2.10 R documentation

The most important lesson of this R and biological data analysis course is simple: Don’t panic! Lots of people have trouble with R. The learning curve is steep, and the error messages are inscrutable. But, there are a lot of resources available to help you.

2.10.1 Documentation (help) files

Documentation for each function, or help files, come included with the base R installation. You can access them from within R by using the ? command. ?functionname will open the documentation file for function functionname. ? will search all currently attached packages. The command below opens the page for the mean function. Notice that this file is stored on your local machine, so no internet access is required.

?mean

Some functions belong to a family of related functions that share a common documentation page. For example, all of the functions related to the normal distribution share a common page:

?dnorm
?pnorm
?qnorm
?rnorm

You can also search for help on functions in packages that are not attached. Or, you might want to know about a function but don’t know what package it belongs to.

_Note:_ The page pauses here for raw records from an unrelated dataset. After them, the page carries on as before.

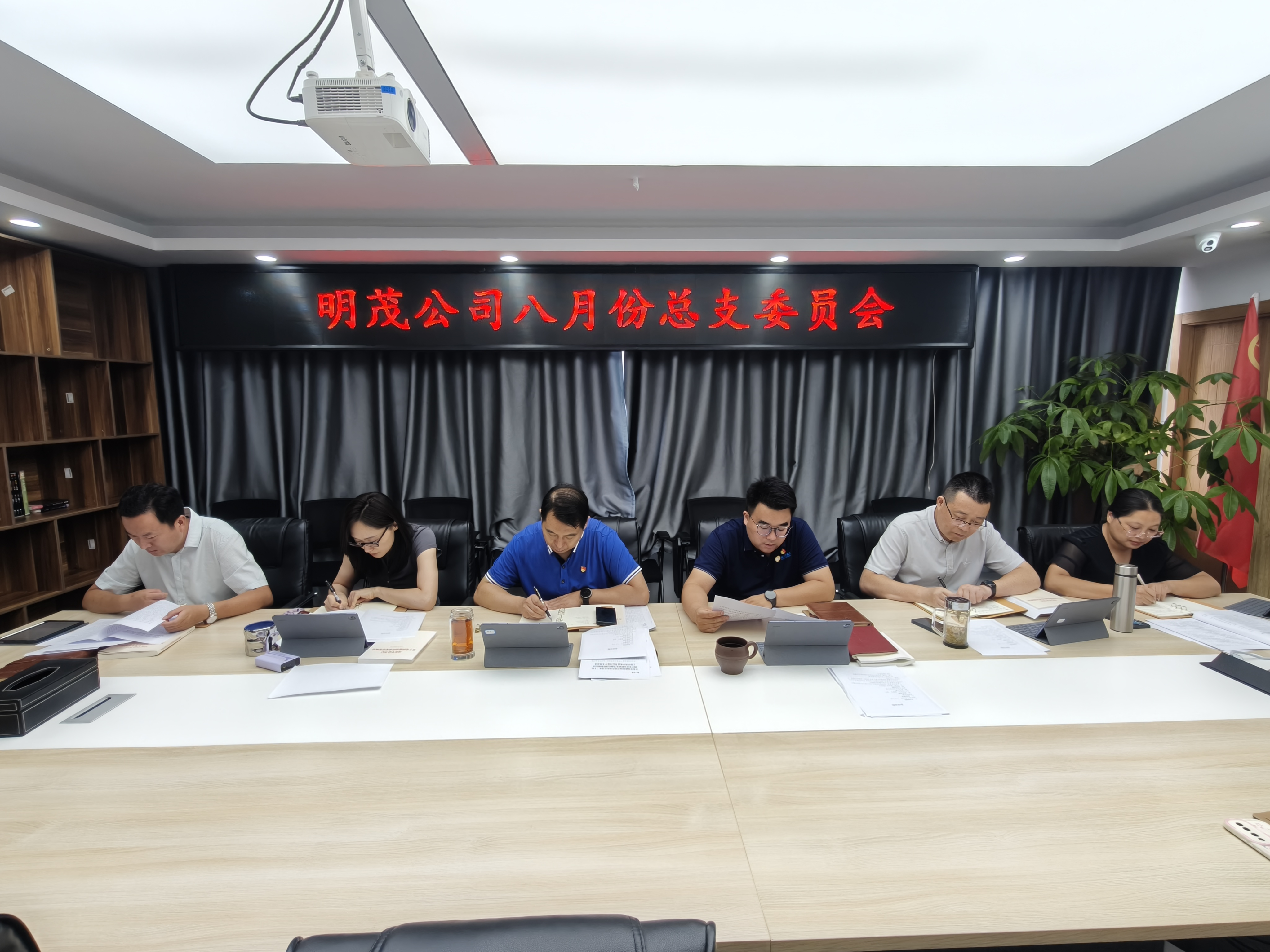 8月8日下午,明茂公司党总支召开8月份总支委员会,传达学习中共中央政治局会议精神,部署贯彻落实工作。会议由公司党总支书记、董事长袁军同志主持召开。明茂公司领导班子成员参加会议、相关部门负责人列席会议。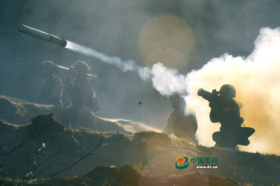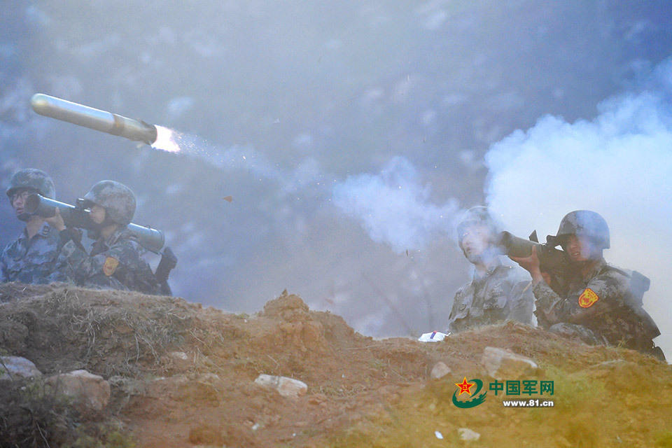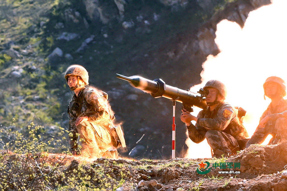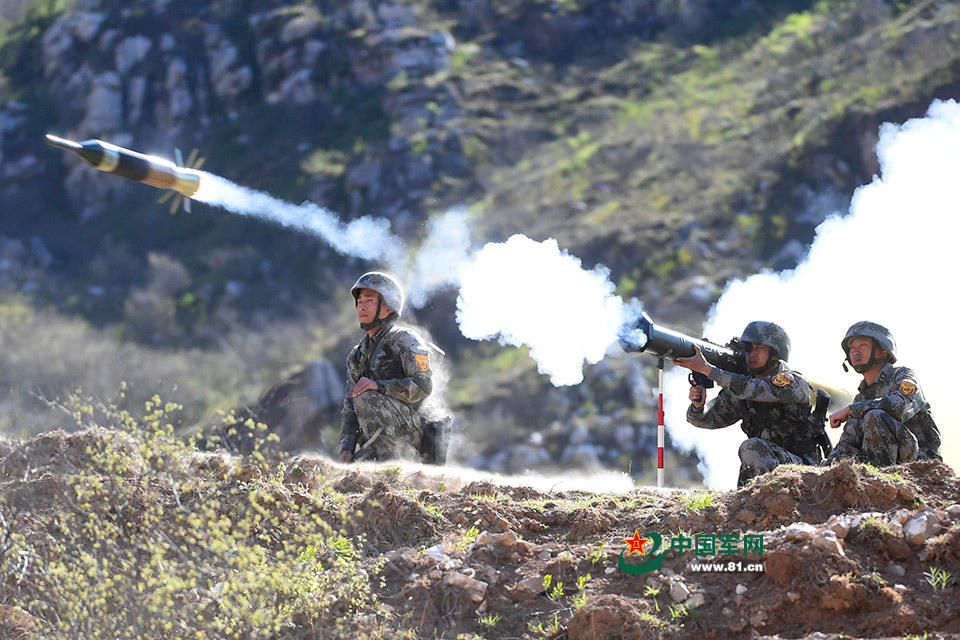 "四月中旬以来,冀中狼牙山脚下炮声轰鸣、硝烟翻卷。担负全军反坦克导弹专业人才培养、被誉为“红箭射手摇篮”的解放军南京炮兵学院廊坊校区,组织学员在当年“狼牙山五壮士”英勇杀敌的战场上,进行破甲攻坚武器实弹射击。图为被誉为“步兵重拳”的PF98式120mm火箭弹出筒瞬间,射手在尾焰的映衬下犹如浴火金刚。吴苏琳摄"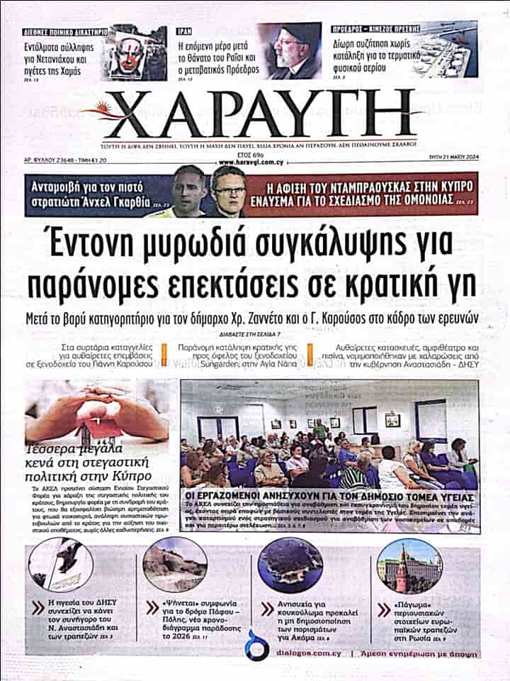HARAVGİ “Hükümet arazilerindeki yasa dışı genişletmelerin örtbas edilmesi yönünde güçlü bir koku yayılıyor” başlığı ile aktardığı manşet haberinde Ayia Napa Belediye Başkanı Hristos Zannetos’un ağır suçlamalarının ardından eski Rum Bayındırlık ve Ulaştırma Bakanı ve eski Ayia Napa Belediye Başkanı Yannis Karusos’un da araştırma listelerinde olduğuna değiniyor.

Either way, ??functionname is a more general search option that will search any package in your library. Compare what happens if search for function fitdistr() using ? and ?? (this function is in package MASS, and so not loaded by default). With ??, R searches all installed packages and returns a browser window with every result that might match your search term.

?fitdistr
## No documentation for ‘fitdistr’ in specified packages and libraries:
## you could try ‘??fitdistr’

??fitdistr

The R documentation pages all tend to follow the same format:

  • Description: brief description of what the function does.
  • Usage: presentation of the function with its arguments in their typical format and expected order.
  • Arguments: list of the arguments to the function in order, their required type/format, and allowed values. This section is very important. When my code isn’t working, the answer to why is usually in the arguments section.
  • Details: additional information necessary to use the function.
  • Value: description of the function’s outputs.
  • Source: description of where the original algorithm or method came from.
  • References: citations for the methods used.
  • See also: list of similar or related R functions.
  • Examples: illustration of how to use the function. This section is very important. If your code is not working, compare how you are using the function to the examples. Are you inputs in the right format? Did you name your arguments or put unnamed arguments in the wrong order? Careful examination and running of the examples will usually reveal why your code is not working.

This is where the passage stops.